Он ожидал, что Дженис одобрит его поступок, но та лишь буркнула:
— Будем надеяться, что вы раздумывали не слишком долго и мы не опоздаем.
Дорога к храму была вымощена громадными серыми плитами; на протяжении нескольких миль она тянулась вдоль берега, а потом поворачивала в глубь суши, в направлении долины Карбонейлс, где господствовал Гриауль. По слухам, место для храма выбирали с таким расчетом, чтобы он находился на воображаемой линии взгляда дракона. У храма дорога значительно расширялась, как будто ее строители предвидели, что путникам вовсе не захочется приближаться к мрачным стенам. Коррогли отнюдь не был исключением. Стоя перед воротами и разглядывая огромный замок в виде дракона, высокие черные стены, увитые виноградными лозами, на которых покачивались похожие на орхидеи пышные цветки оттенка сырого мяса и островерхие крыши, что маячили во мраке колдовскими подобиями гор, он чувствовал себя не представителем правосудия, а ничтожным, до смерти перепуганным насекомым. Даже светлая ночь не смягчала того отталкивающего впечатления, какое производил храм; плеск волн заставлял Коррогли ежеминутно вздрагивать от страха. Будь он один, он бежал бы без оглядки, но взгляд Дженис удерживал его от бегства, напоминая ему об отчаянии, что словно навеки застыло в глазах Лемоса. Он уверял себя, что ее храбрость проистекает из невежества, но никак не мог отделаться от чувства стыда.

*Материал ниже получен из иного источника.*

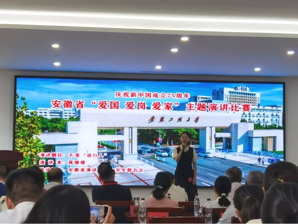 晁倩倩同学经安徽省演讲学会大学生联合会推荐、选拔,最终成功入围决赛。决赛中,作为全场年龄最小的选手,晁倩倩同学沉着冷静,用真挚的情感、细腻的语言,以《不美“逆行人”》为题讲述发生在身边的真实故事,阐述了青年人的责任和担当,在众多选手中脱颖而出,展现出了大学生群体积极向上的精神面貌,为学校争得了荣誉。
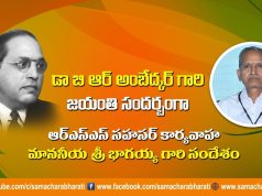 డా బి ఆర్ అంబేద్కర్ గారి జయంతి సందర్బంగా ఆర్ ఎస్ ఎస్ సహ సర్ కార్యవాహ మాననీయ శ్రీ వి భాగయ్య గారి సందేశం.
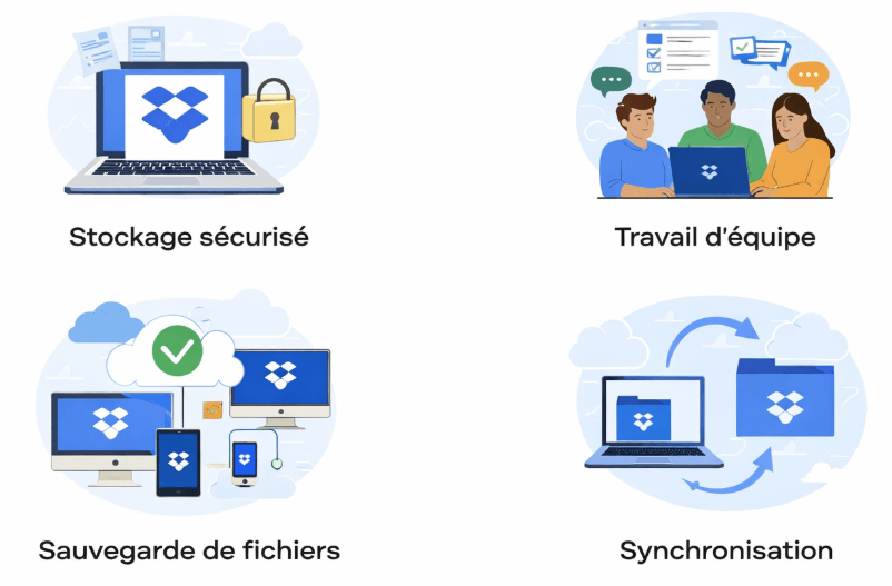Dropbox est un service d'hébergement de fichiers basé sur le cloud qui permet aux utilisateurs de stocker et de partager des fichiers et des dossiers en toute simplicité. Il offre des interfaces conviviales sur divers appareils, permettant une synchronisation et un accès sans effort.
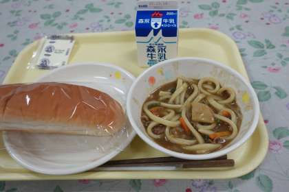 今日の献立は、コッペパン、カレーうどん、ソフトチーズ、牛乳です。献立を見て、「今日はカレーうどんだ!」と喜んでいた人が大勢いました。人気メニューですね。
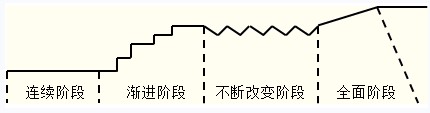 漸進階段:發生緩慢的變化。這種變化可能是零打碎敲性的,也可能是系統性的。
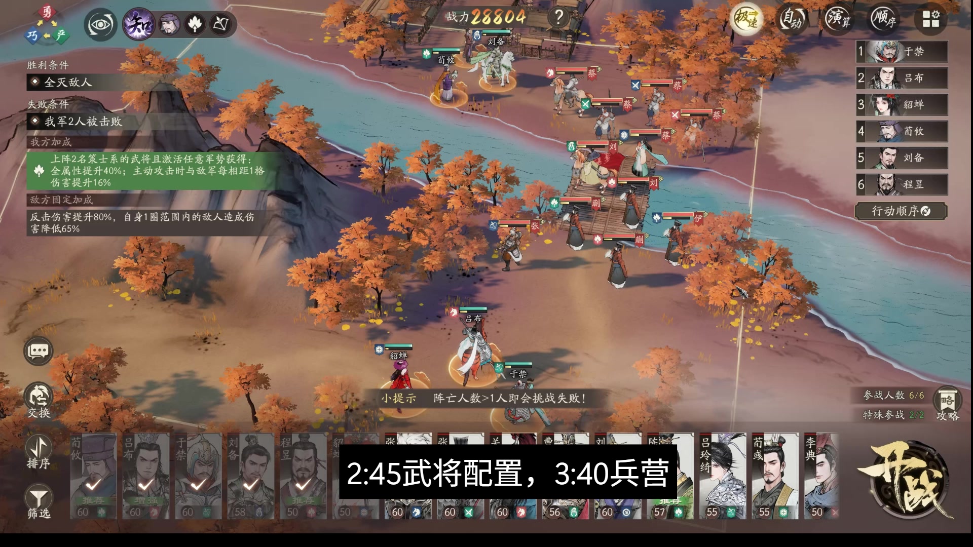 3星吕布,1星貂蝉,3星荀攸,3星9阶程昱(2星即可),2星11阶于禁,4星刘备。 副将没有抽的。 装备55+8或60紫+6。 兵营只有骑兵的伐众点到5了,其他皆为0-1。 尝试过程中发现了一个站位可以骗敌人吃追击和反击,可以一轮清策士。再加上看论坛都刚需5星吕布,6星张飞,或者赵云。于是录了个视频,希望有所帮助。 上程昱是为了捧日封技防aoe,以及上减益防驱散牵制,否则吕布吃一发普攻加撕裂就死了
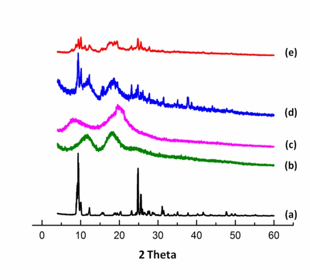 The XRPD patterns for KH, MβCD, HPMC and the physical mixture, as well as the freeze-dried complex, are presented in fig. 5. The diffraction pattern of KH showed two sharp characteristic peaks of higher intensity at 2θ=9.33 ° and 24.85 °, indicating the crystalline behavior of the drug (fig. 5a). The amorphous nature of both MβCD and HPMC is evident from the absence of sharp, distinct peaks characteristic to crystalline compounds (fig. 5 b and c). The physical mixture profile is characterized by the presence of combined overlapping peaks of KH and MβCD, however, with reduced intensities, showing that KH maintained its initial crystallinity (fig. 5 d). These changes may be attributed to a reduction in particle size and dilution of the pure crystalline components during the physical mixture preparation [56]. On the contrary, the characteristic peaks of KH can no longer be distinguished in the complex diffraction pattern (fig. 5e), thus suggesting the inclusion of KH into the CD core, indicating the production of an amorphous inclusion complex. Furthermore, a reduced number of signals were noticed in the complexes which is a good indication on the greater amorphousness of the inclusion compounds compared to the uncomplexed molecules [57].
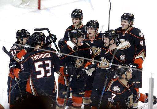 Anaheim Ducks players celebrate their team's 4-3 overtime win against the Los Angeles Kings in an NHL hockey game Sunday, April 9, 2017, in Anaheim, Calif. (AP Photo/Jae C. Hong) The Associated Press
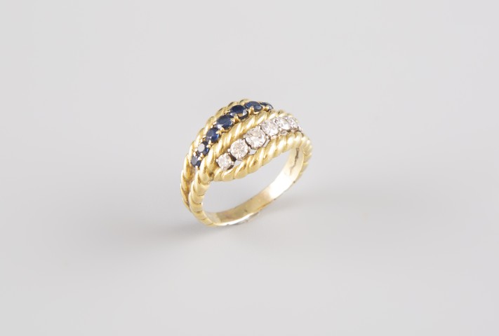 Estimation: 500/700 – Bague en or jaune 18 K 750°°, sertie de deux lignes, l’une de diamants taille brillant, l’autre de saphirs calibrés
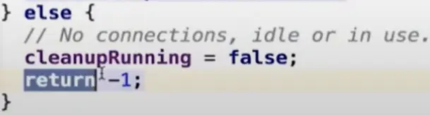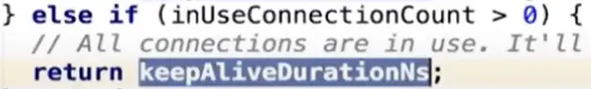 inUseConnectionCount > 0),则返回keepAliveDurationNs时间供下次清理使用。 - 没有任何连接时返回-1,跳出
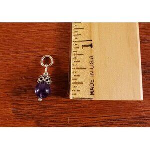 Charm Amethyst Sterling Silver Vintage Ornate Purple Pendant .75 Inch
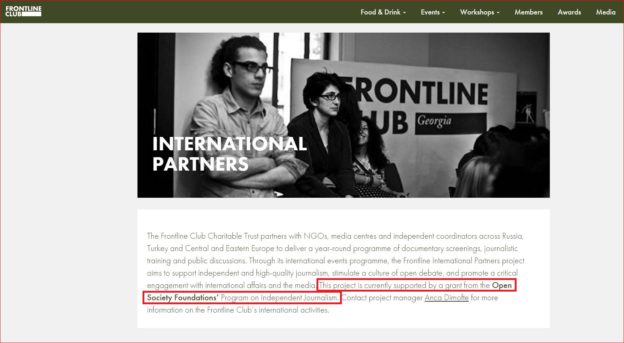 Asociația Frontline Club este finanțată printr-o bursă oferită de Fundațiile pentru o Societate Deschisă, înființate de George Soroș. Raluca Feher, președintele organizației, este colaboratoare a revistei Vice și are un discurs violent anti-ortodox.

Дрожащей рукой он отпер замок, и ворота распахнулись с такой легкостью, что Коррогли показалось, будто храм — или дух, который им правит, давным-давно поджидал его. Следом за Дженис, которая шагала с зажатым в кулаке ножом, он двинулся по тропинке, что вилась среди кустов, усыпанных спелыми ягодами, и низкорослых разлапистых деревьев, черная листва которых слегка отливала зеленым и была столь плотной, что Коррогли различал впереди только крыши зданий. Ветер сюда не проникал, и было так тихо, что всякий шорох отдавался в ушах громом. Адвокату казалось, что он слышит стук своего сердца. Лунный свет ложился на листву, заставляя ее блестеть, и отбрасывал на плиты причудливые тени. Коррогли чувствовал, что задыхается, что легкие его не воспринимают здешний воздух; он знал, что это ощущение возникает из-за терзающего его страха, но был бессилен справиться с ним. Он старался смотреть только вперед на широкую спину Дженис и силился собраться с мыслями, но чем ближе они подходили к покоям Земейля, тем явственнее он ощущал, что за ним кто-то наблюдает — кто-то огромный и неизмеримо могущественный. Ему вспомнилось, как Кирин и Мириэль описывали Гриауля; мысль о том, что на него взирает дракон, повергла Коррогли в панику. Он сжал кулаки, стиснул зубы. Горло свело судорогой, тени между растениями словно обрели материальность, и он вообразил себе, что на них с Дженис вот-вот накинутся ужасные твари, отвратительные порождения тьмы.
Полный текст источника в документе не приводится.